Por exemplo, disse ele, os agricultores podem plantar variedades de arroz tolerantes ao calor que já existem no mercado, como Nagina22 (N22) e ajustar a época de plantio de forma que a fase reprodutiva suscetível ao calor não coincida com os meses mais quentes de o ano. “Isso significaria colher as culturas antes do início do calor ou plantar de forma que a fase crítica escape ao stress térmico”, afirmou Swamy.

Além do arroz, os cientistas estudam outros tipos de plantas, como as leguminosas, para melhorar a sua tolerância ao calor. Harsh Nayyar, professor do Departamento de Botânica da Universidade de Punjab, na Índia, identificou com sucesso genótipos de grão de bico e feijão tolerantes ao calor. “Esses genótipos tolerantes demonstraram maior estabilidade da função reprodutiva sob condições de estresse térmico”, explicou Nayyar em entrevista à Asian Scientist Magazine .

Em comparação com os seus homólogos sensíveis ao calor, estes genótipos apresentam melhor retenção de clorofila, redução do dano oxidativo e aumento da formação de nódulos – todos sinais de função celular superior que os ajuda a tolerar o calor.

O trigo é outra cultura básica importante na Ásia que está a ser estudada para aumentar a sua resistência contra o calor extremo. A cada grau de aumento da temperatura, a produção de trigo diminui cerca de seis por cento, de acordo com um estudo de 2015 publicado na Nature Climate Change. Cientistas do Instituto Borlaug para o Sul da Ásia, em Nova Deli, colaboraram com o Centro Internacional de Melhoramento do Milho e do Trigo, com sede no México, para testar a robustez de 3.322 novas variedades de trigo que desenvolveram para temperaturas mais altas na Índia. A equipe de pesquisa plantou essas variedades no início da estação de cultivo (outubro), quando as temperaturas são mais altas, e descobriu que as variedades com melhor desempenho renderam quase duas toneladas por hectare a mais do que uma variedade de trigo padrão. O estudo foi publicado na Genes em 2021.

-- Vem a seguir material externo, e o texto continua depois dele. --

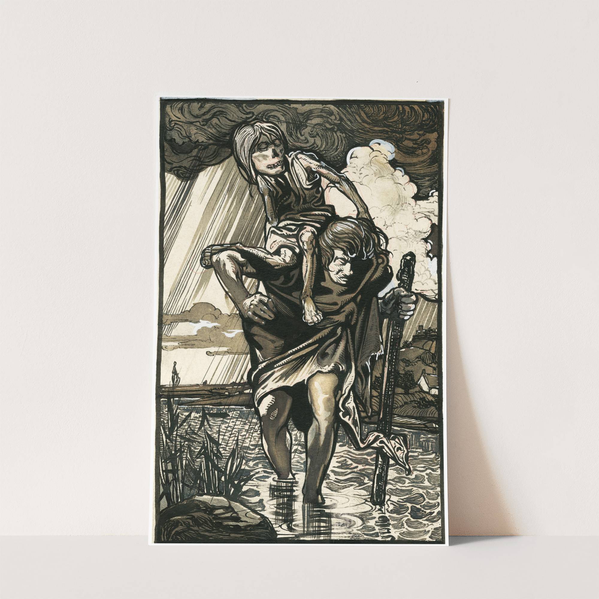 Door het water wadende man met skelet op de rug by Johannes Josephus Aarts - Wall Art Print

No futuro, não serão apenas estas variedades desenvolvidas em laboratório que ajudarão a reduzir a pressão térmica sobre a agricultura; os governos e os municípios locais também terão de trabalhar em conjunto para garantir que os agricultores tenham acesso a recursos como energia acessível e sistemas de irrigação para cultivarem de forma sustentável os seus produtos. plantações. O abastecimento insuficiente de água, por exemplo, pode piorar ainda mais o impacto do calor extremo num campo de arroz. Da mesma forma, terão de ser criados sistemas administrativos mais suaves para uma aprovação governamental eficiente das variedades resistentes ao calor recentemente desenvolvidas, para que possam chegar mais cedo às mãos dos agricultores.

“É muito importante que, quando desenvolvemos novas variedades, trabalhemos em conjunto com parceiros nacionais e locais para que o produto adequado às condições locais chegue mais rapidamente ao beneficiário e satisfaça as necessidades locais”, disse Slamet-Loedin.